Дальше по туннелю раздались нестройные возгласы и какое-то странное погромыхивание. На миг ему показалось, что начинается обвал, и по телу пробежал холодок страха — но в темном закутке сознания родилась мысль: По крайней мере, это будет быстро. И все наконец закончится.Затем еще одна вагонетка возникла из тьмы и врезалась в задок первой, отчего из обеих вылетело облако пыли, а передняя пара колес первой вагонетки соскочила с рельсов и уткнулась прямо в барьер. Последовали еще более громкие и недовольные возгласы: рельсоукладчиков распекали за то, что шпалы, как оказалось, были уложены неровно, грузчиков сверху — за то, что не опорожнили вагонетку до конца, а всех остальных — за то, что не обратили внимания и вовремя не предупредили. Молодой капитан приказал всем, кто был подальше от передовой туннеля, водрузить вагонетку обратно на рельсы, и добавил:
— К тебе, Ватуэйль, это не относится. Продолжай работать.

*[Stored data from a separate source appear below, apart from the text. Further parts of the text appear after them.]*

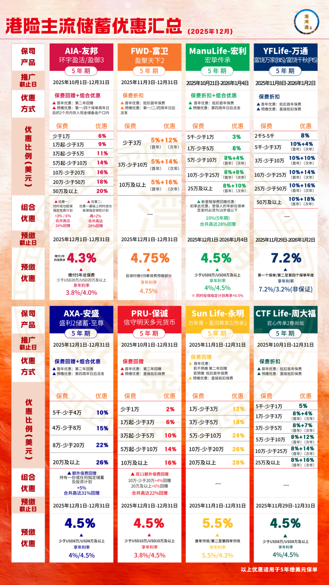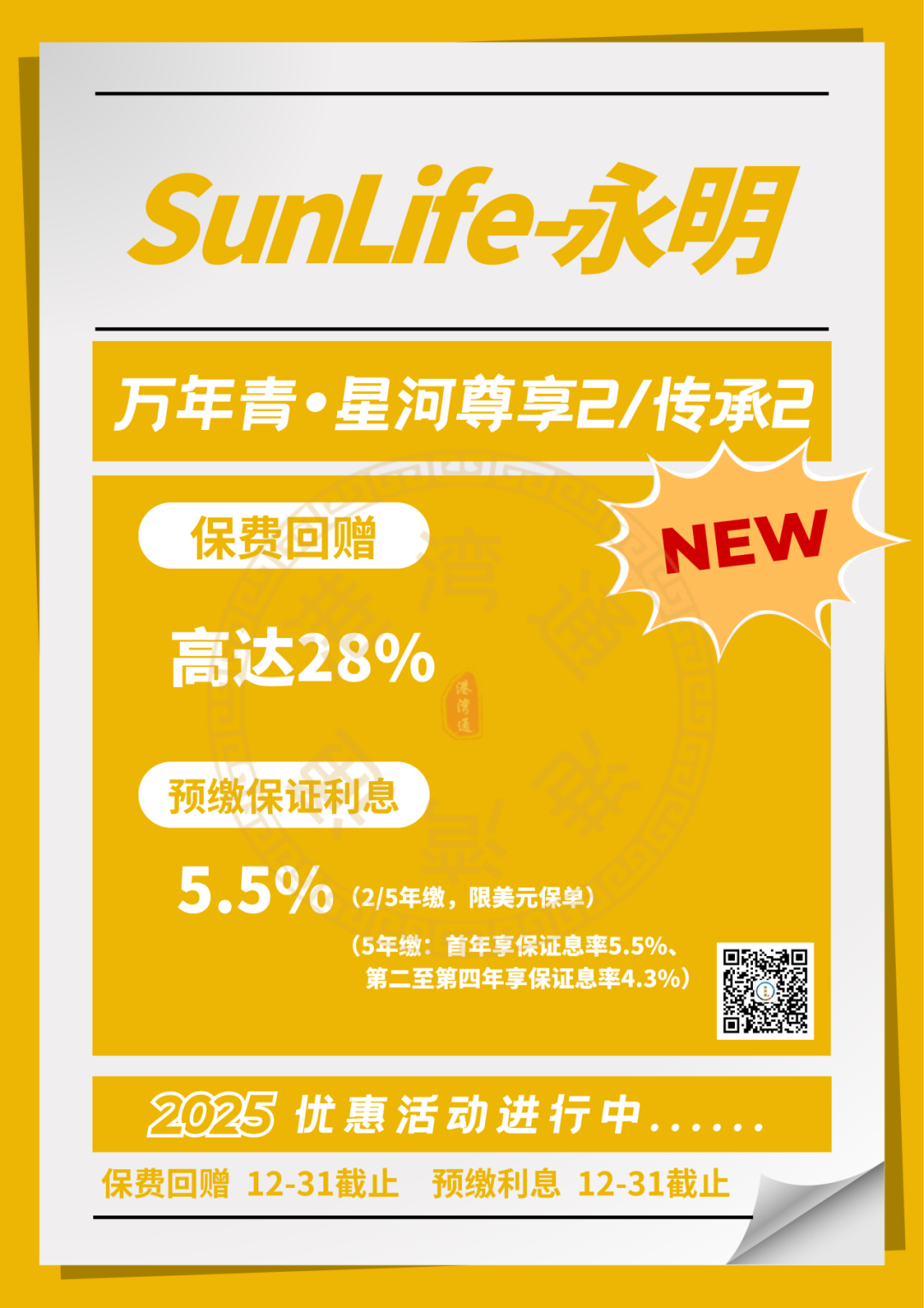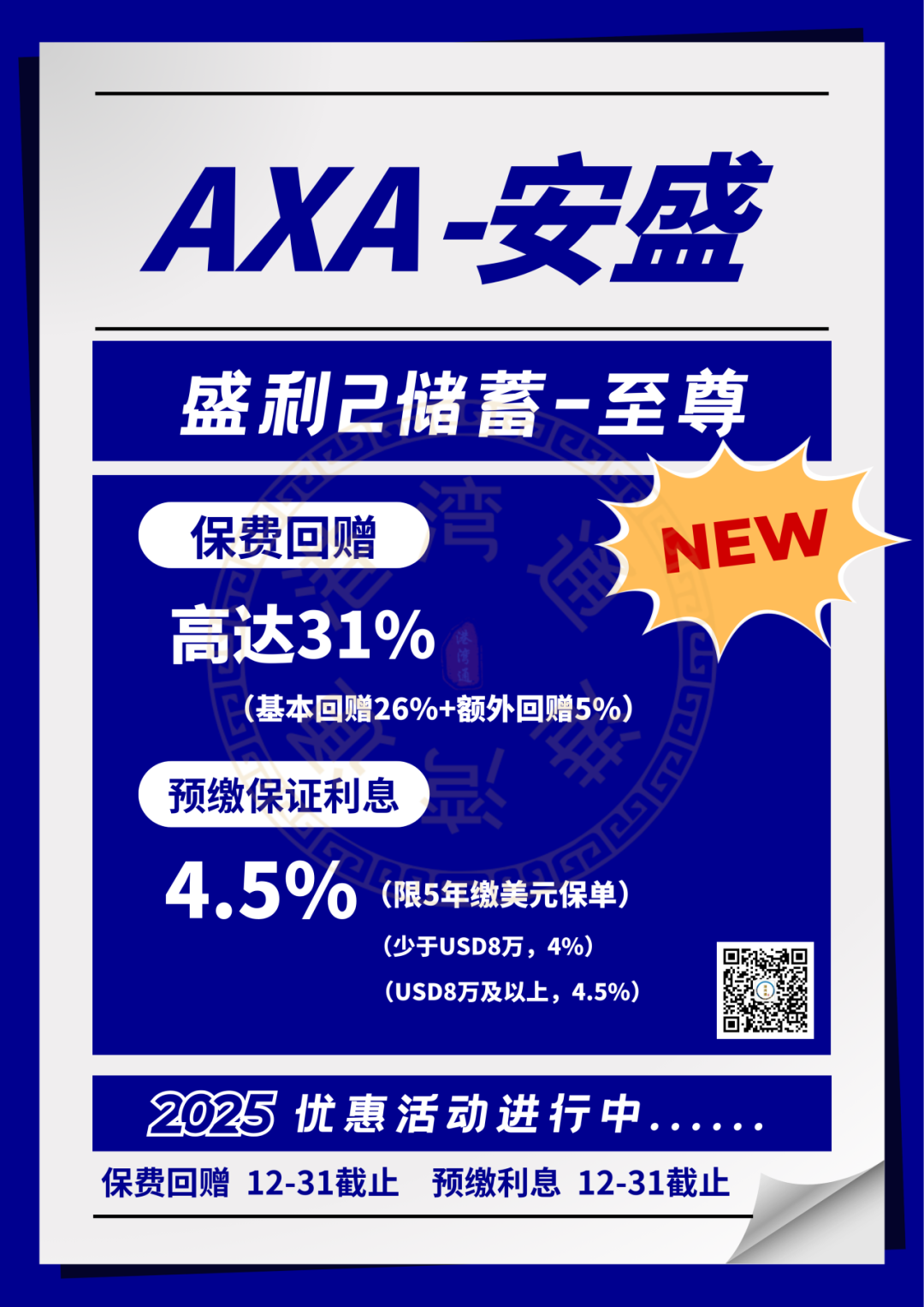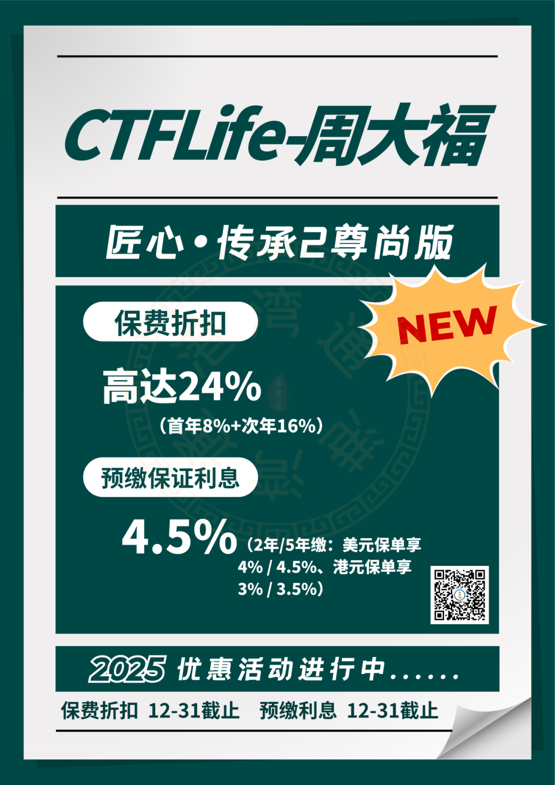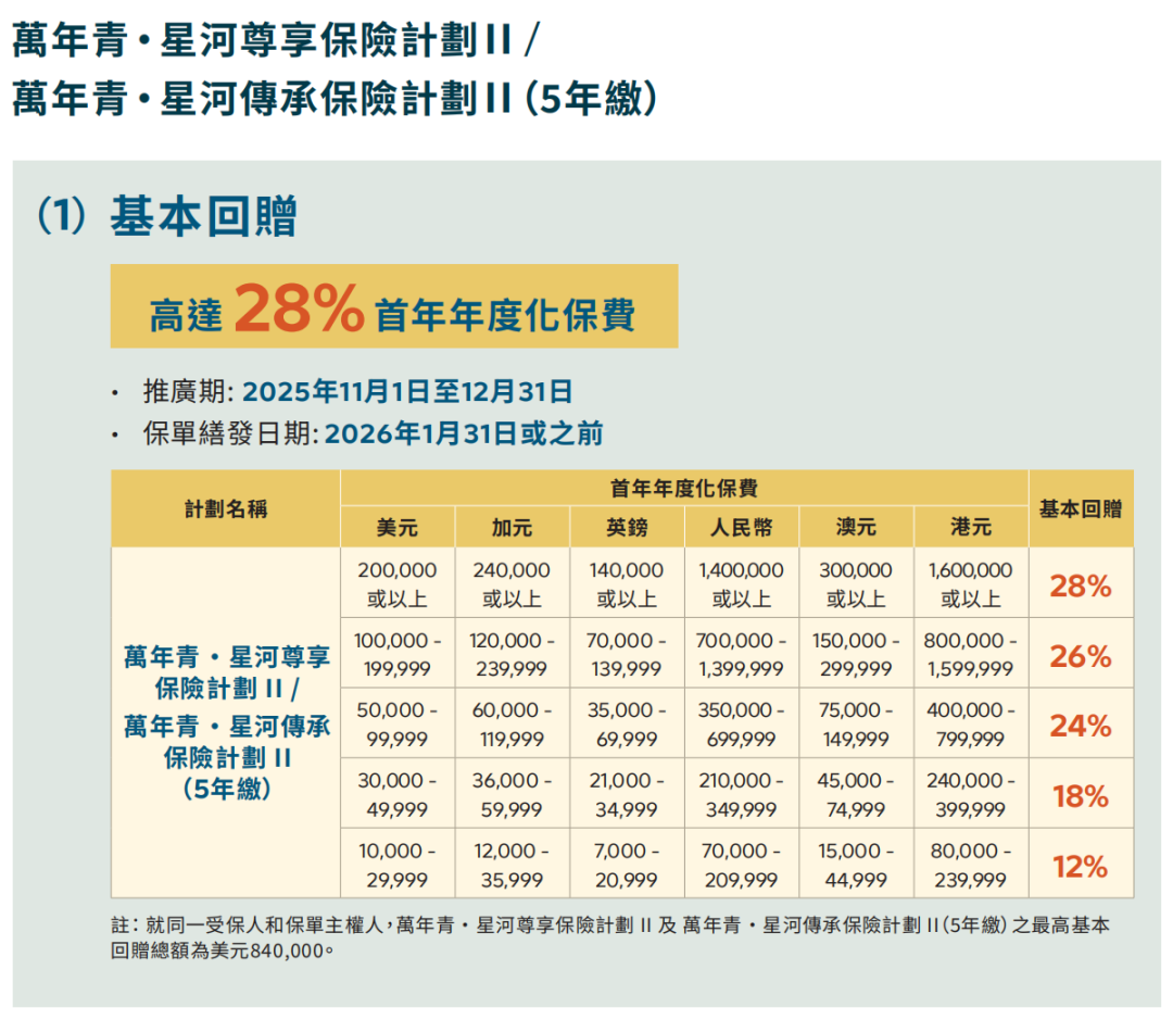 推广期:由2025年12月1日至12月31日(限5年缴美元保单)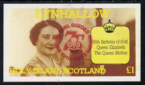 Eynhallow 1985 Life & Times of HM Queen Mother imperf souvenir sheet (£1 value) with Girl Guide 75th Anniversary opt in red unmounted mint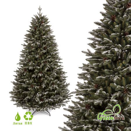 - Отличительная особенность этой модели: ёлочка слегка припорошена снежными хлопья, на некоторых литых веточка есть шишки.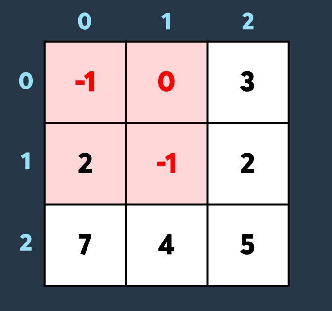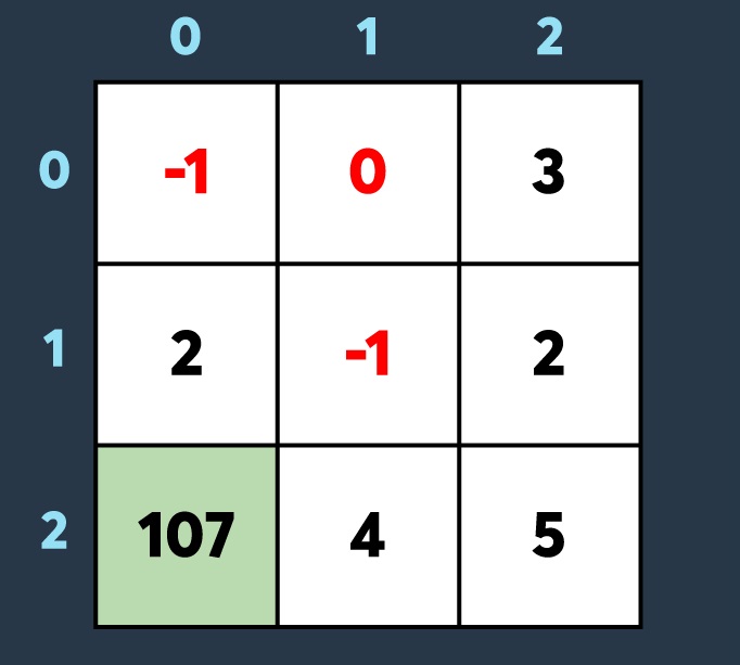 [[-1, 0, 3], [2, -1, 2], [107, 4, 5]]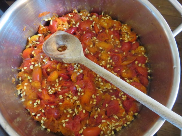 Mit der Flotten Lotte habe ich das Durchdrehen auch schon versucht. Klappt nicht. Nur mit dem Sieb hab ich es hinbekommen. Die Kerne habe ich gemahlen und mische die unters Müsli.

— Да, сэр, — ответил он и поднял киркомотыгу. По крайней мере, рядом с ним теперь никого не было, и это, возможно, позволит как следует подладиться к преграде. Он повернулся и воткнул мотыгу в то место, где застопорилась лопата, на миг представив себе, что это затылок молодого капитана. Вытащил ее из кучи, повернул так, чтобы орудовать всей плоскостью лезвия, а не только острием, слегка переменил позу и снова врубился в работу.
Спустя какое-то время уже чувствуешь, что делается на другом конце совка или мотыги: появляется сверхъестественная способность прозревать сокрытые от обычного взора глубины дерьма, пусть и только на краткий миг.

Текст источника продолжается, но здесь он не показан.